• [ABOUT THIS EXERCISE] Omit the images. Restate all of the records word for word.

** Opening DATA FOR ANALYSIS block **

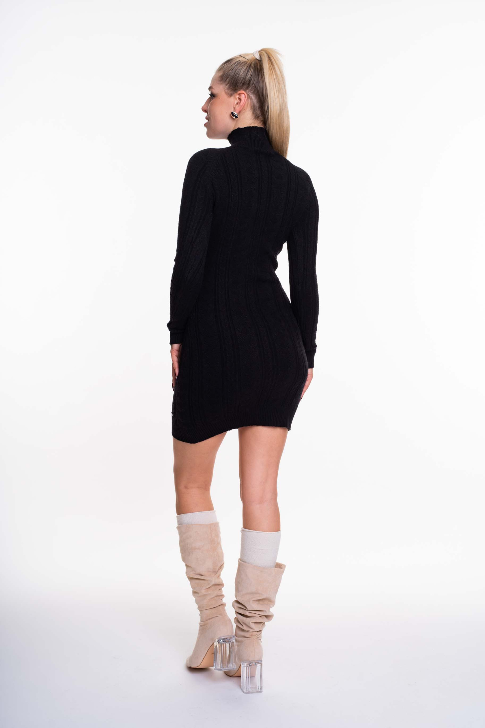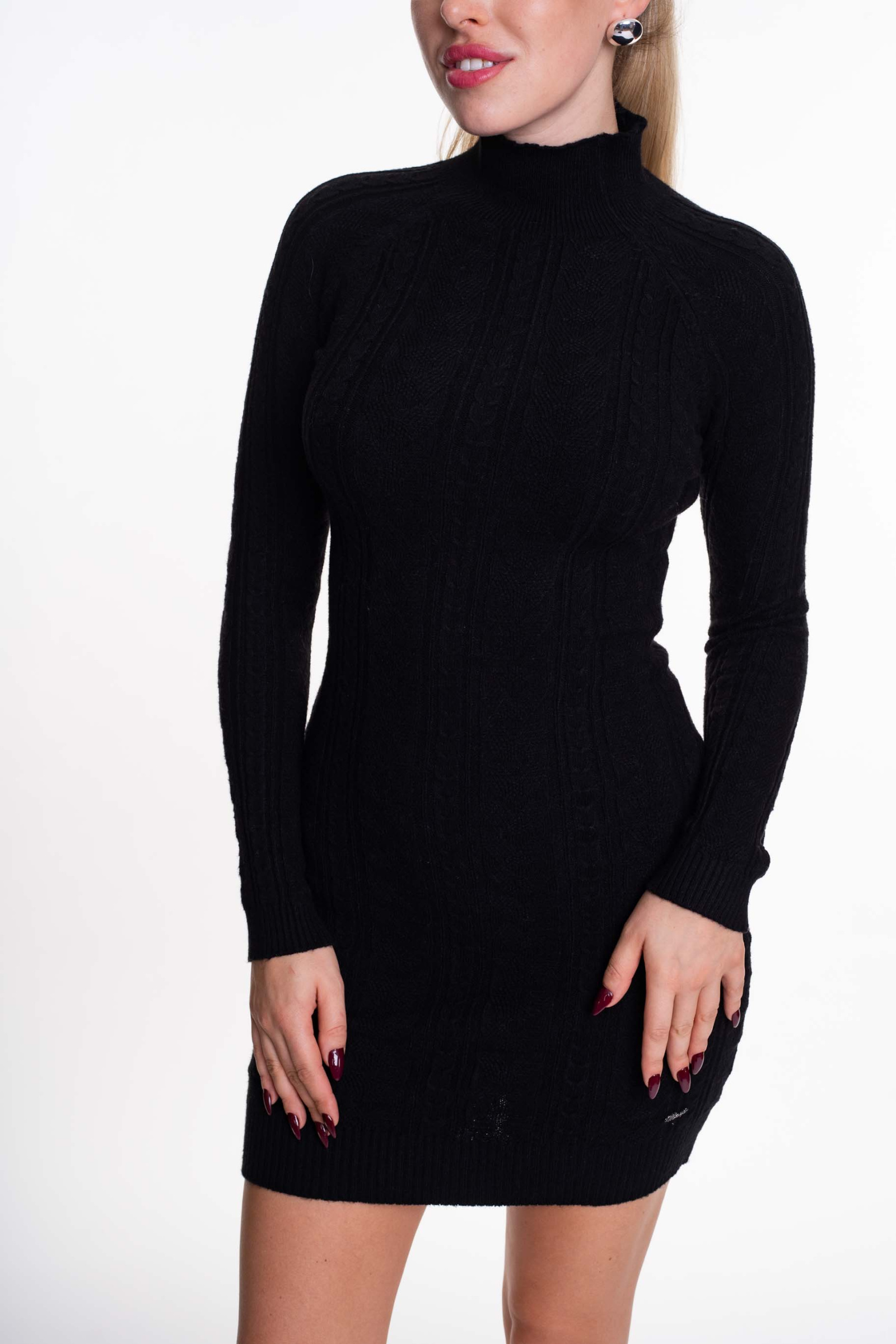 Fonott mintás, elasztikus kötött anyagból készült raglán ujjú ruha emelt nyakrésszel, kis fém márkajelzéssel.
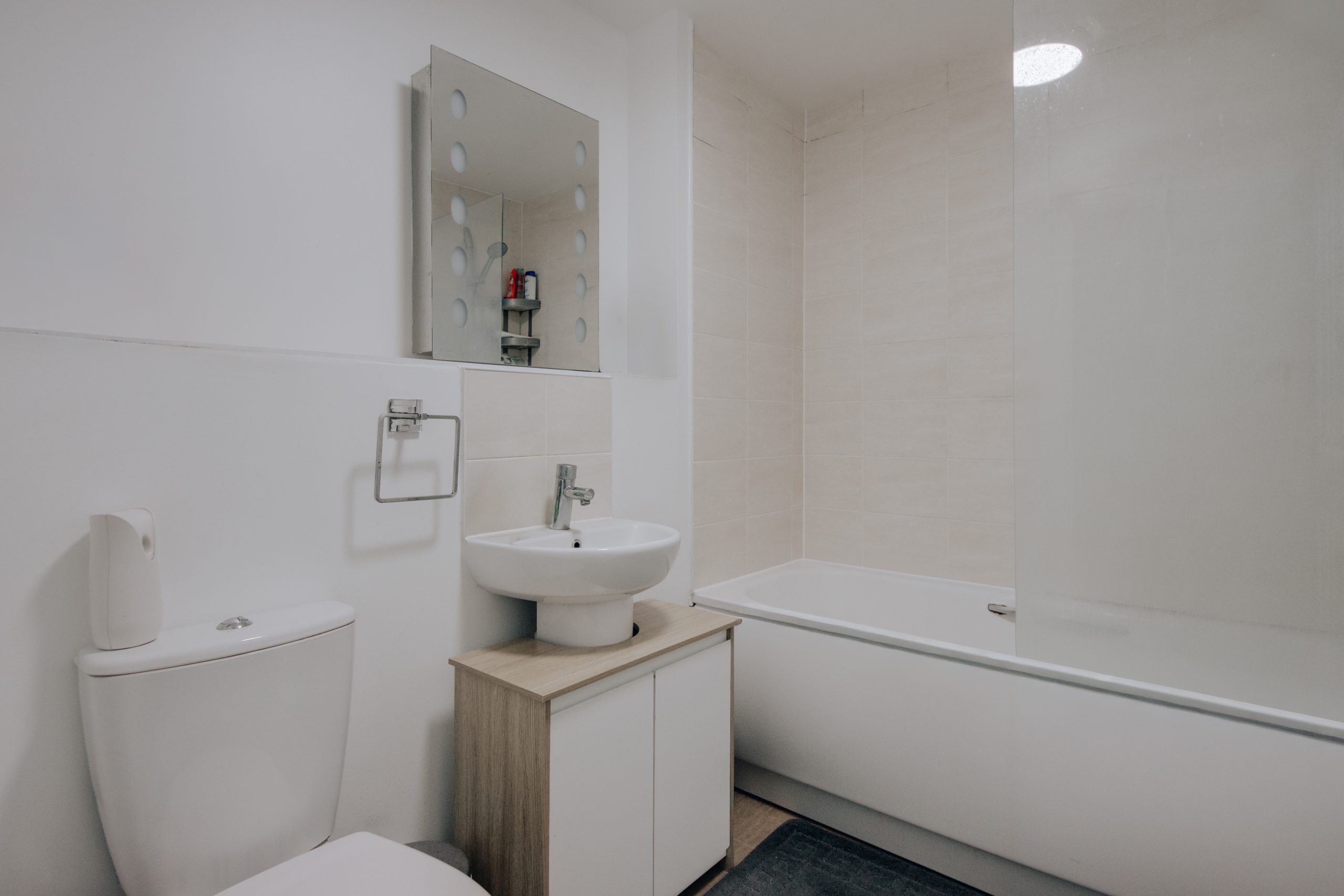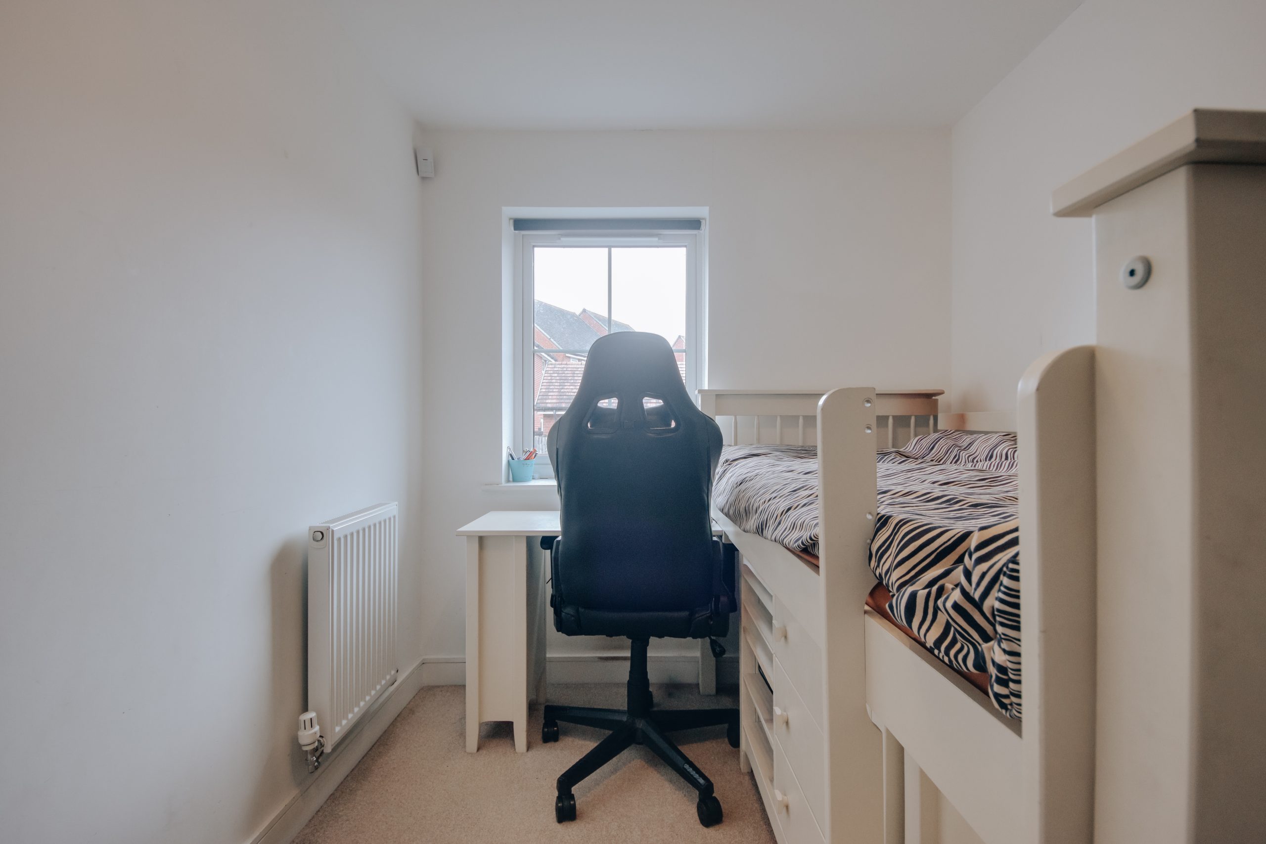 Upstairs, there are three bedrooms, all light and simply finished. The main bedroom is a good size with space for freestanding furniture, while the two additional rooms are well suited to children, guests or working from home. A modern family bathroom completes the first floor.
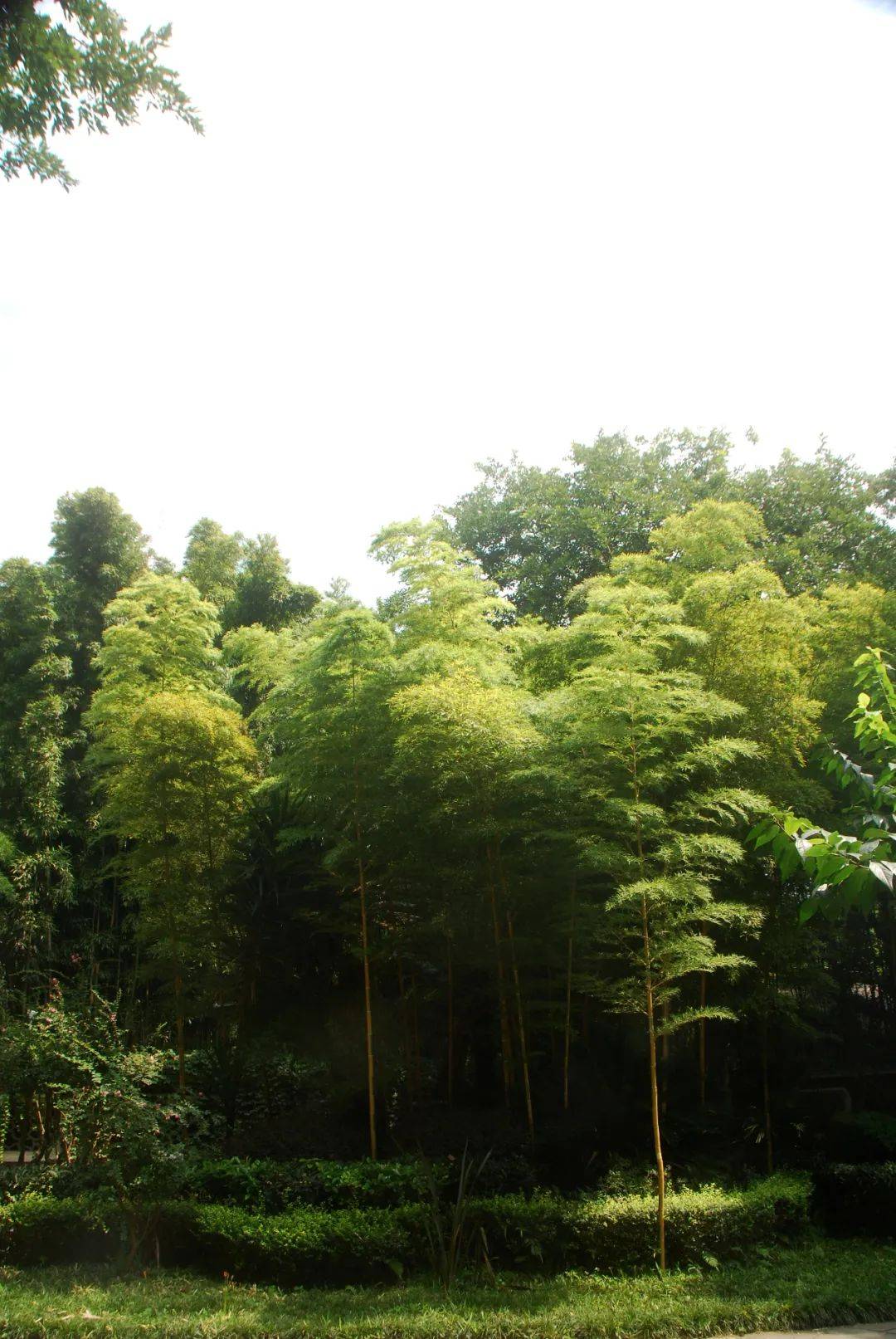 走出翠竹长廊,豁然开朗,又是一番新景色。晴空竹影摇曳,迷人眼目,亦真亦幻。低头寻路,道路分岔,或花径横斜,或曲径通幽,或回径蜿蜒,翠竹交错,或疏或密,恍若迷阵,不知该向何往。人在迷途,只能凭直觉。拣一条竹密林茂的路,边走边观竹赏景。粗看皆修身直节,狭叶似剑,难辨种类,细看才见异样端倪。有的节长,有的节短,有的节粗如佛肚,有的节细似人指,有的入云参天,有的低矮伏地,有的亭亭玉立,有的丰姿婆娑,有的金黄,有的碧绿,有的青翠……高莫过于云南龙竹,超越十层重楼;美最数金镶玉竹,竹竿通体金黄,偶现莹莹玉绿;奇当算龟甲竹,粗节若龟甲,似龙鳞,又好似人面。越走得林幽深,越见得竹奇异,越添得竹清趣。名筠佳篁,画姿诗韵,万千风情,叹为观止。
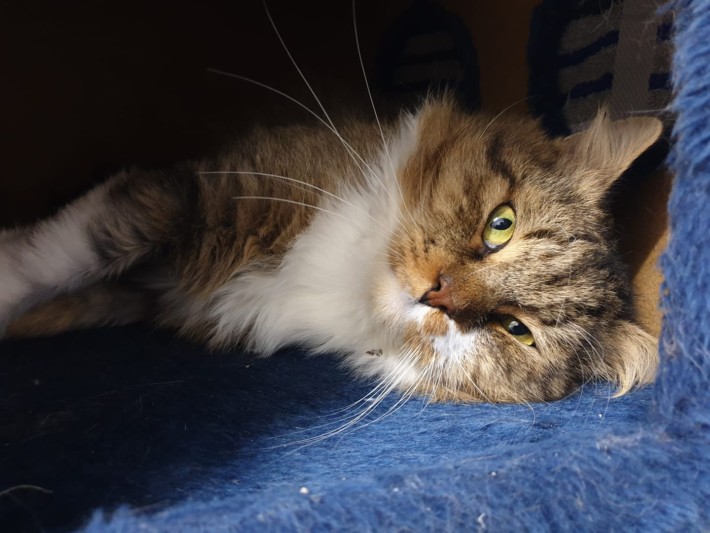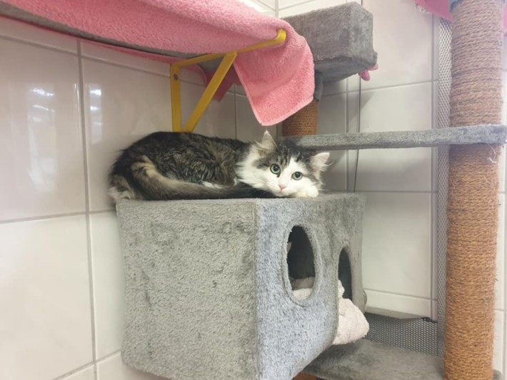 Unsere langhaarige Schönheit Esther kam als Fundtier mit drei weiteren Katzen zu uns ins Tierheim. Sie wurde bei uns tierärztlich durchgecheckt, gechipt und versorgt und ist nun auf der Suche nach ihrem neuen Zuhause, welches nach einer gewissen Eingewöhnungszeit über eine Möglichkeit zum Freigang verfügen sollte. Esther konnte in ihrem bisherigen Leben leider keine Erfahrung im Menschenkontakt sammeln. Daher ist sie dem Menschen gegenüber sehr misstrauisch und scheu. Betritt man das Katzenzimmer, so verschwindet sie sofort in einem Kratzbaum und hält den Menschen mit einem kräftigen Fauchen auf Distanz.
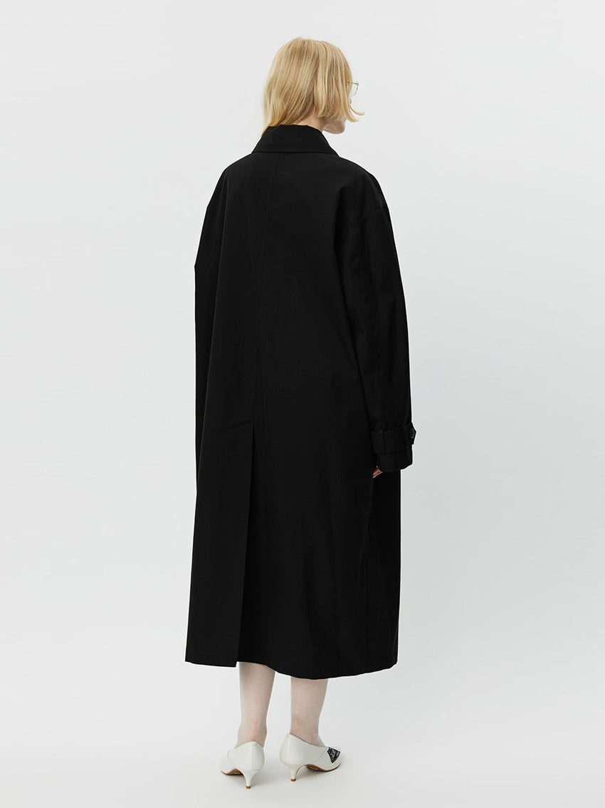 The Venture Coat is calf length with a relaxed fit and drop shoulders.
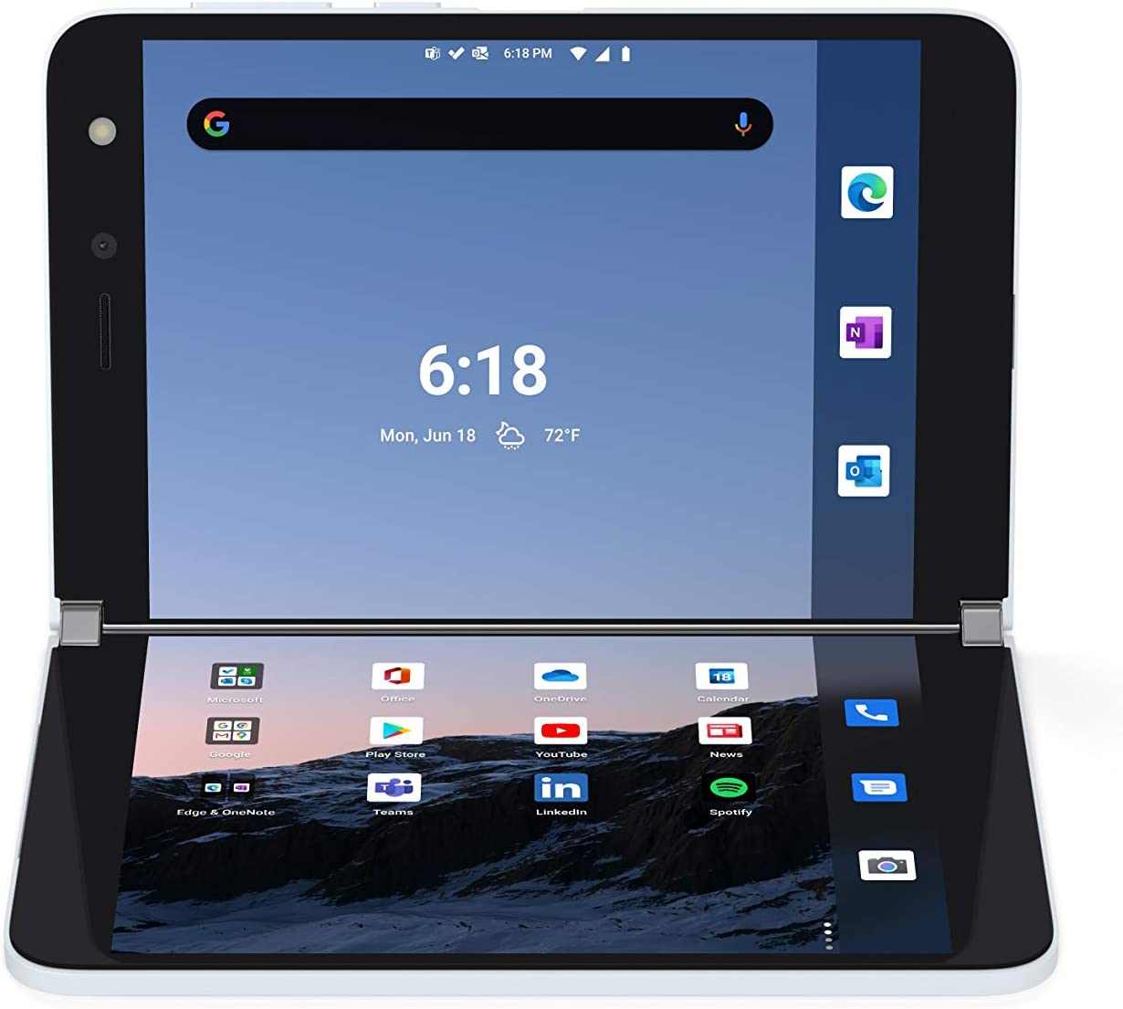 Two ultra-thin, high-resolution touchscreens open to reveal new possibilities on a mobile device. Designed to help you be productive, Surface Duo features multiple modes, the best of Microsoft 365 mobile experiences, every Android app in the Google Play store, and new dual-screen enhanced apps. Now you can view two apps at once or span one across both screens, drag and drop between screens, and make phone calls. Say goodbye to constant app switching.

** Closing DATA FOR ANALYSIS block **

• [EXERCISE RESULT]
 Fonott mintás, elasztikus kötött anyagból készült raglán ujjú ruha emelt nyakrésszel, kis fém márkajelzéssel.
 Upstairs, there are three bedrooms, all light and simply finished. The main bedroom is a good size with space for freestanding furniture, while the two additional rooms are well suited to children, guests or working from home. A modern family bathroom completes the first floor.
 走出翠竹长廊,豁然开朗,又是一番新景色。晴空竹影摇曳,迷人眼目,亦真亦幻。低头寻路,道路分岔,或花径横斜,或曲径通幽,或回径蜿蜒,翠竹交错,或疏或密,恍若迷阵,不知该向何往。人在迷途,只能凭直觉。拣一条竹密林茂的路,边走边观竹赏景。粗看皆修身直节,狭叶似剑,难辨种类,细看才见异样端倪。有的节长,有的节短,有的节粗如佛肚,有的节细似人指,有的入云参天,有的低矮伏地,有的亭亭玉立,有的丰姿婆娑,有的金黄,有的碧绿,有的青翠……高莫过于云南龙竹,超越十层重楼;美最数金镶玉竹,竹竿通体金黄,偶现莹莹玉绿;奇当算龟甲竹,粗节若龟甲,似龙鳞,又好似人面。越走得林幽深,越见得竹奇异,越添得竹清趣。名筠佳篁,画姿诗韵,万千风情,叹为观止。
 Unsere langhaarige Schönheit Esther kam als Fundtier mit drei weiteren Katzen zu uns ins Tierheim. Sie wurde bei uns tierärztlich durchgecheckt, gechipt und versorgt und ist nun auf der Suche nach ihrem neuen Zuhause, welches nach einer gewissen Eingewöhnungszeit über eine Möglichkeit zum Freigang verfügen sollte. Esther konnte in ihrem bisherigen Leben leider keine Erfahrung im Menschenkontakt sammeln. Daher ist sie dem Menschen gegenüber sehr misstrauisch und scheu. Betritt man das Katzenzimmer, so verschwindet sie sofort in einem Kratzbaum und hält den Menschen mit einem kräftigen Fauchen auf Distanz.
 The Venture Coat is calf length with a relaxed fit and drop shoulders.
 Two ultra-thin, high-resolution touchscreens open to reveal new possibilities on a mobile device. Designed to help you be productive, Surface Duo features multiple modes, the best of Microsoft 365 mobile experiences, every Android app in the Google Play store, and new dual-screen enhanced apps. Now you can view two apps at once or span one across both screens, drag and drop between screens, and make phone calls. Say goodbye to constant app switching.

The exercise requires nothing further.